(Stored dataset items)
============================================================
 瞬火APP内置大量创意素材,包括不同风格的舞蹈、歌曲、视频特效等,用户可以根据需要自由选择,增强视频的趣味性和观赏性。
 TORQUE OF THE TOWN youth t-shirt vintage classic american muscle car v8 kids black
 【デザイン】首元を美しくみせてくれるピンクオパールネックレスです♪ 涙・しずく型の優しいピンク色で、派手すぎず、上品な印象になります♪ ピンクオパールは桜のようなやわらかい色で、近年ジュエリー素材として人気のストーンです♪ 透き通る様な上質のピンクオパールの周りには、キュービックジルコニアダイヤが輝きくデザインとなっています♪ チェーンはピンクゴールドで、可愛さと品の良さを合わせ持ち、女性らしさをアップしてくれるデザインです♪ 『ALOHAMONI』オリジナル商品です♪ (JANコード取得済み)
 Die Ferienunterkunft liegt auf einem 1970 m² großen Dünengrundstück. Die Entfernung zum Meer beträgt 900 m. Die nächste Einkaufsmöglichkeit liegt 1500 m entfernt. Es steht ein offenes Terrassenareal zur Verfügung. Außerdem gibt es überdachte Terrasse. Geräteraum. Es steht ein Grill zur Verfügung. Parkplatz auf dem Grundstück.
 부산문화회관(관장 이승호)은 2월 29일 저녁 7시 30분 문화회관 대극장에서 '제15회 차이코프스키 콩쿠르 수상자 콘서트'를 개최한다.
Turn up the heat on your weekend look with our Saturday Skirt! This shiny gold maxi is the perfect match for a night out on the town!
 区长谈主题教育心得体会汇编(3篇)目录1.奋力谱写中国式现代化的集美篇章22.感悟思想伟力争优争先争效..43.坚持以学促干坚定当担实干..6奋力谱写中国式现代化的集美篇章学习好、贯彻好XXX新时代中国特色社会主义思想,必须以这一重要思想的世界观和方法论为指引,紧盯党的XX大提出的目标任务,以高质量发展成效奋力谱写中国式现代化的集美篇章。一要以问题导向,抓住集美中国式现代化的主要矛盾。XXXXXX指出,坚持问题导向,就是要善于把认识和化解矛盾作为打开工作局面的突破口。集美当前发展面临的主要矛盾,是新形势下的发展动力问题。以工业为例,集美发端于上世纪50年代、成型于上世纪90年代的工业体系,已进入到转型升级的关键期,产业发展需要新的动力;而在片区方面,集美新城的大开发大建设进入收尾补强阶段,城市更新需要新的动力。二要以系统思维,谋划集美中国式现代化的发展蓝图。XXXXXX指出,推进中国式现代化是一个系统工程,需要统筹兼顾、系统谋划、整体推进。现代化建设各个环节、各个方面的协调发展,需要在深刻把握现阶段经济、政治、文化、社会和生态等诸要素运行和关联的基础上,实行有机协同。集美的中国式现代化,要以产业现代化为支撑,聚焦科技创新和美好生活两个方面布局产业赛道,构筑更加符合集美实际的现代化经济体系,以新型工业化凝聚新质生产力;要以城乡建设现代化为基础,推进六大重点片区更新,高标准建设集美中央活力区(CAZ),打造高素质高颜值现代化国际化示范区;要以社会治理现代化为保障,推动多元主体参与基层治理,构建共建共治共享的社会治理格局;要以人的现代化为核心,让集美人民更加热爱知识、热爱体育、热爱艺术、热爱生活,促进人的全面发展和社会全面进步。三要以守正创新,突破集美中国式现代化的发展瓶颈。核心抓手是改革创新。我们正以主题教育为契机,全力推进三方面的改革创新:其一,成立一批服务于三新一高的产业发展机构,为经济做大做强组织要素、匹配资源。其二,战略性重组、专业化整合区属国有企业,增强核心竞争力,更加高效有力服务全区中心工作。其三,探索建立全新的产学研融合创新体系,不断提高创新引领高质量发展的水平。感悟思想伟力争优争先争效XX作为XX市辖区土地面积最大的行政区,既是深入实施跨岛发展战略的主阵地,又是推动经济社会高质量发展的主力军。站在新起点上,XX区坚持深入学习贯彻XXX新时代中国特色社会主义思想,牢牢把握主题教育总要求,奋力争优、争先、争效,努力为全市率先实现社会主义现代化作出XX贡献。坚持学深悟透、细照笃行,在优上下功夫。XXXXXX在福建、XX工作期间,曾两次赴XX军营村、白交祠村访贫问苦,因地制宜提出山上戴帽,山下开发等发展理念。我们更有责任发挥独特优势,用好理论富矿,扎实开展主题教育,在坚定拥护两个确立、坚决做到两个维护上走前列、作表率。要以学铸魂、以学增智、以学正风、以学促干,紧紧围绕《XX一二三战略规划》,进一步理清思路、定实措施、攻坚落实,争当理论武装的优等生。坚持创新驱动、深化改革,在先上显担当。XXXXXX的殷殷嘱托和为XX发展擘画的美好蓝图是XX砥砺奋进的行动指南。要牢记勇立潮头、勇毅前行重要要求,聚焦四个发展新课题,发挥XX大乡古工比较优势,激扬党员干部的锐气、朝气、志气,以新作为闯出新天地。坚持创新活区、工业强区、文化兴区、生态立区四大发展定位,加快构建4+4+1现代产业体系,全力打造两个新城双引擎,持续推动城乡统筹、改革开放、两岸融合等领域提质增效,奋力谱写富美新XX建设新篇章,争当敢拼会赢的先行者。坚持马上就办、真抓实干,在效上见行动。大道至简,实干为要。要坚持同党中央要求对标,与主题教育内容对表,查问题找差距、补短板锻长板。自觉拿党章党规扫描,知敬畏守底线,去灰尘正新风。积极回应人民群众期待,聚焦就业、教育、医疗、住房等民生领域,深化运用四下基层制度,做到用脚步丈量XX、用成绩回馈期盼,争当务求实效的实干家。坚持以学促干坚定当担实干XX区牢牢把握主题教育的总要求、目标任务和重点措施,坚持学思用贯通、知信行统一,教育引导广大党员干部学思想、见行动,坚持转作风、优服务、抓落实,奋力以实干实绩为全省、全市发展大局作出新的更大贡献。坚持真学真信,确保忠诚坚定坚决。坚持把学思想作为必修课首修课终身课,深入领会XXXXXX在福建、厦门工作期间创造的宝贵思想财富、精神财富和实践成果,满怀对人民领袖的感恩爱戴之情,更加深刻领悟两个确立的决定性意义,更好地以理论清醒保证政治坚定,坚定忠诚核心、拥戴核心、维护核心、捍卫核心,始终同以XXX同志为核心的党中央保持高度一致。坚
============================================================
• **Work required**
Every entry above has to be returned exactly as written.

• **Exercise output**
 瞬火APP内置大量创意素材,包括不同风格的舞蹈、歌曲、视频特效等,用户可以根据需要自由选择,增强视频的趣味性和观赏性。
 TORQUE OF THE TOWN youth t-shirt vintage classic american muscle car v8 kids black
 【デザイン】首元を美しくみせてくれるピンクオパールネックレスです♪ 涙・しずく型の優しいピンク色で、派手すぎず、上品な印象になります♪ ピンクオパールは桜のようなやわらかい色で、近年ジュエリー素材として人気のストーンです♪ 透き通る様な上質のピンクオパールの周りには、キュービックジルコニアダイヤが輝きくデザインとなっています♪ チェーンはピンクゴールドで、可愛さと品の良さを合わせ持ち、女性らしさをアップしてくれるデザインです♪ 『ALOHAMONI』オリジナル商品です♪ (JANコード取得済み)
 Die Ferienunterkunft liegt auf einem 1970 m² großen Dünengrundstück. Die Entfernung zum Meer beträgt 900 m. Die nächste Einkaufsmöglichkeit liegt 1500 m entfernt. Es steht ein offenes Terrassenareal zur Verfügung. Außerdem gibt es überdachte Terrasse. Geräteraum. Es steht ein Grill zur Verfügung. Parkplatz auf dem Grundstück.
 부산문화회관(관장 이승호)은 2월 29일 저녁 7시 30분 문화회관 대극장에서 '제15회 차이코프스키 콩쿠르 수상자 콘서트'를 개최한다.
Turn up the heat on your weekend look with our Saturday Skirt! This shiny gold maxi is the perfect match for a night out on the town!
 区长谈主题教育心得体会汇编(3篇)目录1.奋力谱写中国式现代化的集美篇章22.感悟思想伟力争优争先争效..43.坚持以学促干坚定当担实干..6奋力谱写中国式现代化的集美篇章学习好、贯彻好XXX新时代中国特色社会主义思想,必须以这一重要思想的世界观和方法论为指引,紧盯党的XX大提出的目标任务,以高质量发展成效奋力谱写中国式现代化的集美篇章。一要以问题导向,抓住集美中国式现代化的主要矛盾。XXXXXX指出,坚持问题导向,就是要善于把认识和化解矛盾作为打开工作局面的突破口。集美当前发展面临的主要矛盾,是新形势下的发展动力问题。以工业为例,集美发端于上世纪50年代、成型于上世纪90年代的工业体系,已进入到转型升级的关键期,产业发展需要新的动力;而在片区方面,集美新城的大开发大建设进入收尾补强阶段,城市更新需要新的动力。二要以系统思维,谋划集美中国式现代化的发展蓝图。XXXXXX指出,推进中国式现代化是一个系统工程,需要统筹兼顾、系统谋划、整体推进。现代化建设各个环节、各个方面的协调发展,需要在深刻把握现阶段经济、政治、文化、社会和生态等诸要素运行和关联的基础上,实行有机协同。集美的中国式现代化,要以产业现代化为支撑,聚焦科技创新和美好生活两个方面布局产业赛道,构筑更加符合集美实际的现代化经济体系,以新型工业化凝聚新质生产力;要以城乡建设现代化为基础,推进六大重点片区更新,高标准建设集美中央活力区(CAZ),打造高素质高颜值现代化国际化示范区;要以社会治理现代化为保障,推动多元主体参与基层治理,构建共建共治共享的社会治理格局;要以人的现代化为核心,让集美人民更加热爱知识、热爱体育、热爱艺术、热爱生活,促进人的全面发展和社会全面进步。三要以守正创新,突破集美中国式现代化的发展瓶颈。核心抓手是改革创新。我们正以主题教育为契机,全力推进三方面的改革创新:其一,成立一批服务于三新一高的产业发展机构,为经济做大做强组织要素、匹配资源。其二,战略性重组、专业化整合区属国有企业,增强核心竞争力,更加高效有力服务全区中心工作。其三,探索建立全新的产学研融合创新体系,不断提高创新引领高质量发展的水平。感悟思想伟力争优争先争效XX作为XX市辖区土地面积最大的行政区,既是深入实施跨岛发展战略的主阵地,又是推动经济社会高质量发展的主力军。站在新起点上,XX区坚持深入学习贯彻XXX新时代中国特色社会主义思想,牢牢把握主题教育总要求,奋力争优、争先、争效,努力为全市率先实现社会主义现代化作出XX贡献。坚持学深悟透、细照笃行,在优上下功夫。XXXXXX在福建、XX工作期间,曾两次赴XX军营村、白交祠村访贫问苦,因地制宜提出山上戴帽,山下开发等发展理念。我们更有责任发挥独特优势,用好理论富矿,扎实开展主题教育,在坚定拥护两个确立、坚决做到两个维护上走前列、作表率。要以学铸魂、以学增智、以学正风、以学促干,紧紧围绕《XX一二三战略规划》,进一步理清思路、定实措施、攻坚落实,争当理论武装的优等生。坚持创新驱动、深化改革,在先上显担当。XXXXXX的殷殷嘱托和为XX发展擘画的美好蓝图是XX砥砺奋进的行动指南。要牢记勇立潮头、勇毅前行重要要求,聚焦四个发展新课题,发挥XX大乡古工比较优势,激扬党员干部的锐气、朝气、志气,以新作为闯出新天地。坚持创新活区、工业强区、文化兴区、生态立区四大发展定位,加快构建4+4+1现代产业体系,全力打造两个新城双引擎,持续推动城乡统筹、改革开放、两岸融合等领域提质增效,奋力谱写富美新XX建设新篇章,争当敢拼会赢的先行者。坚持马上就办、真抓实干,在效上见行动。大道至简,实干为要。要坚持同党中央要求对标,与主题教育内容对表,查问题找差距、补短板锻长板。自觉拿党章党规扫描,知敬畏守底线,去灰尘正新风。积极回应人民群众期待,聚焦就业、教育、医疗、住房等民生领域,深化运用四下基层制度,做到用脚步丈量XX、用成绩回馈期盼,争当务求实效的实干家。坚持以学促干坚定当担实干XX区牢牢把握主题教育的总要求、目标任务和重点措施,坚持学思用贯通、知信行统一,教育引导广大党员干部学思想、见行动,坚持转作风、优服务、抓落实,奋力以实干实绩为全省、全市发展大局作出新的更大贡献。坚持真学真信,确保忠诚坚定坚决。坚持把学思想作为必修课首修课终身课,深入领会XXXXXX在福建、厦门工作期间创造的宝贵思想财富、精神财富和实践成果,满怀对人民领袖的感恩爱戴之情,更加深刻领悟两个确立的决定性意义,更好地以理论清醒保证政治坚定,坚定忠诚核心、拥戴核心、维护核心、捍卫核心,始终同以XXX同志为核心的党中央保持高度一致。坚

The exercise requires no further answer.